# Exercise details
The lines to transcribe run from the top of the material below to the line with "Dibantu dengan sebuah", inclusive. Leave the pictures behind.
===== Data extract
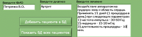 добавления анкеты нового пациента в базу данных (см. рис. 13). На рис.10
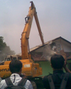 Dibantu dengan sebuah alat berat, banguan tersebut akhirnya diluluhlantakkan, hingga sejajar dengan tanah.
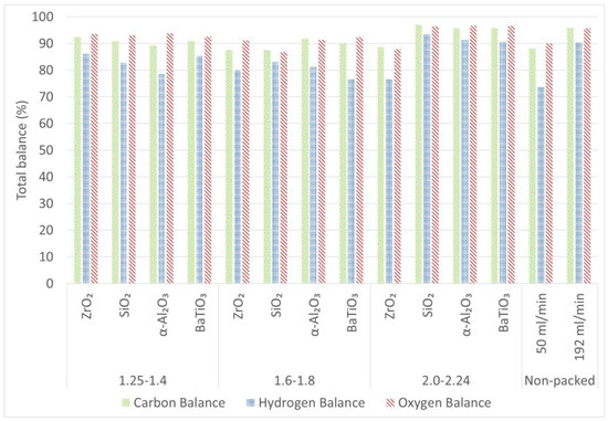 To determine whether all products have been identified by the GC (Gas Chromatograph), we present the mass balances for carbon, hydrogen and oxygen in Figure 6. Important to note here is that part of the deficit is possibly caused by the gas expansion, as explained above (see materials and methods). As can be seen, the carbon, hydrogen and oxygen balances seldom reach 100%. The largest deficit (between 20% and 30% loss of product) is in the hydrogen balance of the non-packed reactor at 50 mL/min, as well as for the BaTiO3 spheres of 1.6–1.8 mm, the α-Al2O3 spheres of 1.2–1.4 mm and the ZrO2 spheres of 2.0–2.4 mm. In all other cases, less than 20% product remains unaccounted for. Moreover, the oxygen and carbon balances reach much higher values: close to 90% (and even up to 95%) and thus less than 10% loss. It thus suggests that mainly products with more than one hydrogen atom are not taken into account in the converted products. We presume that mostly the formation of H2O and the sum of less abundant (oxygenated) hydrocarbons, that were not calibrated on the GC, lie at the basis of these incomplete balances. Indeed, the deficit in the hydrogen balance is for the majority of the experiments double of the deficit in the oxygen balance, suggesting the formation of H2O. An example of a chromatogram, showing the number (and type) of products that have not been calibrated and accounted for in the mass balances, is shown in Supplementary Materials (Figure S15). In addition, also coke deposition could be at the basis of carbon losses. When looking at the Raman measurements (see Supplementary Materials; Figures S16–S23), it is clear that SiO2 and to a limited extent also α-Al2O3 and ZrO2 suffer from coking at the sphere’s surface, unlike the γ-Al2O3 and BaTiO3 spheres. To visually show the amount of cokes deposited on the spheres, photos are added in the Supplementary Materials (Figure S24).
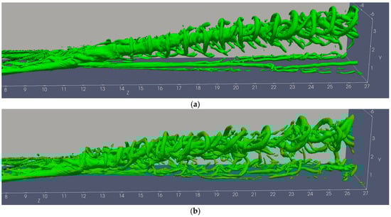 - Xue, D.; Chen, Z.; Jiang, X.; Fan, B. Numerical Investigations on the Wake Structures of Micro-Ramp and Micro-Vanes. Fluid Dyn. Res. 2014, 46, 015505. [Google Scholar] [CrossRef]
==========
# Expected answer
 добавления анкеты нового пациента в базу данных (см. рис. 13). На рис.10
 Dibantu dengan sebuah alat berat, banguan tersebut akhirnya diluluhlantakkan, hingga sejajar dengan tanah.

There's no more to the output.